Hala, a little girl, sticks her head out of the car and cheers, “Izz ad-Din Brigades!” Other men and women cheer joyfully celebrating the war’s end, while patriotic songs blast through speakers and “Allahu Akbar, Allahu Akbar, the resistance has won,” can be heard from the mosques’ loudspeakers.

This remains a historic moment even though the citizens describe it in different ways. Um Fayez, 45, says, “It is a victory day,” as she thanks God. “Soon, we will celebrate the liberation of Jerusalem, but we will never forget the martyrs,” she says as her voice weakens, and she starts crying.

This is how Aug. 28 ended. However, its beginning was completely different and Gazans were traumatized as Israeli forces targeted two residential buildings — the Italian Complex and Basha Tower — in the early morning hours, in the most vital areas of Gaza.

The headquarters of Sawt El Shaab radio station in Basha Tower, as well as several other press offices, turned into rubble. The radio station’s editor, Shady Abu Shadak, spoke with Al-Monitor as he was standing in front of the destroyed tower, which now blocked al-Salasini Street and other landmarks in Gaza City. “An officer from the occupation forces called the tower guard and told him to get everyone out because they were going to strike in 20 minutes. The guard delivered the news and we started calling all the families that had fled the north of the Gaza Strip and came to the tower, as well as all journalists, to leave the building and we ran as far as we could.” He added that the aircraft launched two guided rockets and then shelled the building right in front of their eyes as they stood there traumatized and helpless.

The Italian Complex in al-Nasr neighborhood is considered one of the highest towers in Gaza. Part of the tower is still standing, although the Israeli aircraft shelled it six times.

Tareq Abu Hassan, an eyewitness and owner of one of the shops in the complex, told Al-Monitor, “We did not believe they were going to strike the tower. When they called a resident and threatened to shell the tower, we did not leave until the first guided rocket was launched.”

He added, as he searched through the rubble of his shop for any usable furniture, “We used to think that this was the safest area during the war. Look at how it turned into a nightmare now, especially since there is still an unexploded rocket here.”

The war took a different course during its last four days. The aircraft started targeting middle- and upper-class neighborhoods, where hundreds of families had fled from the bordering neighborhoods of Shajaiya and Beit Hanoun, thinking it would be safer here.
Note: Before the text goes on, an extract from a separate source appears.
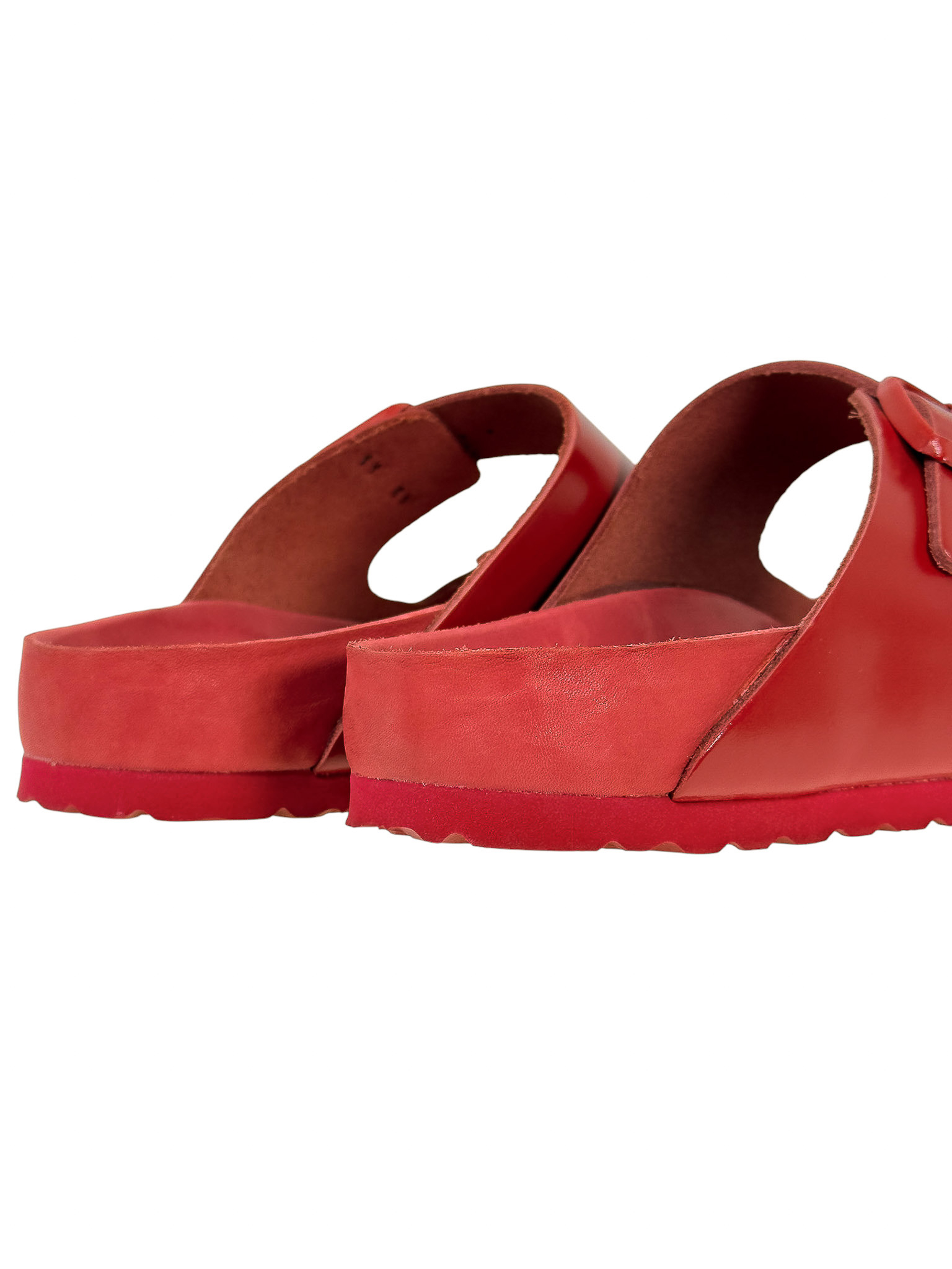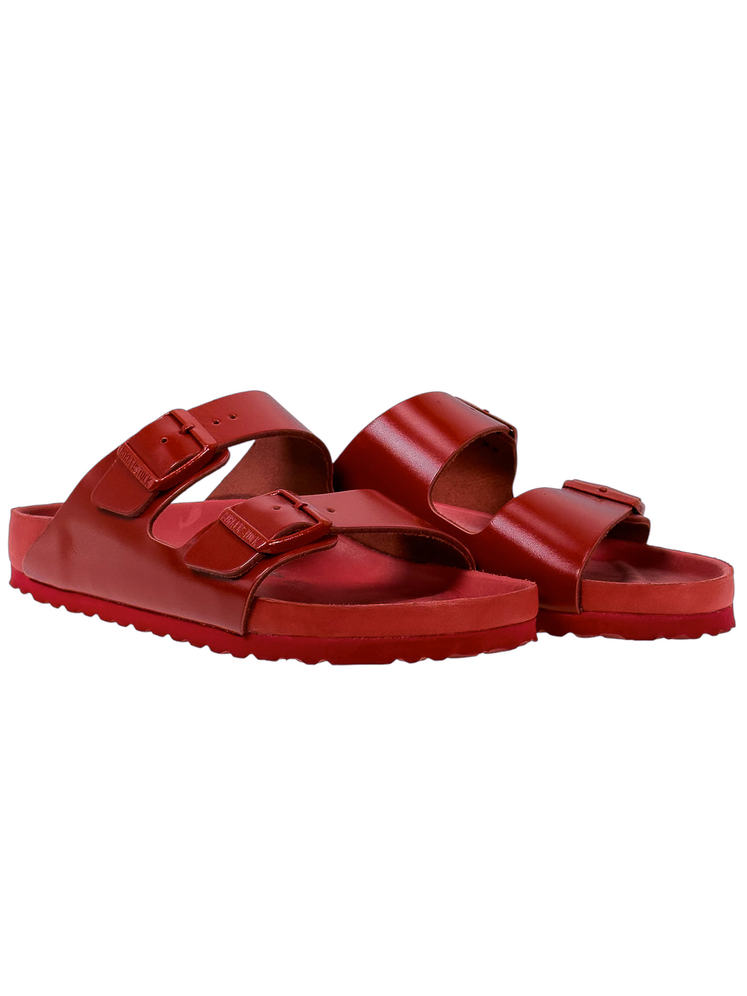 "Czerwone klapki, dwa regulowane skórzane paski na przodzie, zaokrąglone noski, wyprofilowana wkładka, gumowa podeszwa, logo marki od wewnętrznej strony oraz na klamrach. Stan bardzo dobry, posiadają delikatne rysy na wkładce. Rozmiar 40."

F-16 jets first launched two rockets at the foundations of the 14-story tower, Zafer 4, in the modern neighborhood of Tal al-Hawa. The shelling occurred in broad daylight on Aug. 23, and no Gazan could ever forget the image of it crumbling.

Political analyst Akram Atallah sees the targeting of residential towers as a wakeup call for the Palestinians to realize what Israel is capable of doing and as a message from the enemy to show that they are ready to carry on with the war even if this would lead to the destruction of Gaza. He told to Al-Monitor, “The destruction of the towers did not affect the battle as much as it affected Palestinian public opinion.”

The resistance factions launched rockets and mortars by the hundreds every day toward the Israeli cities bordering Gaza. However, the ground mission through the tunnels, which the resistance was executing during the first month of the war, decreased after Israel withdrew from the ground and focused on airstrikes.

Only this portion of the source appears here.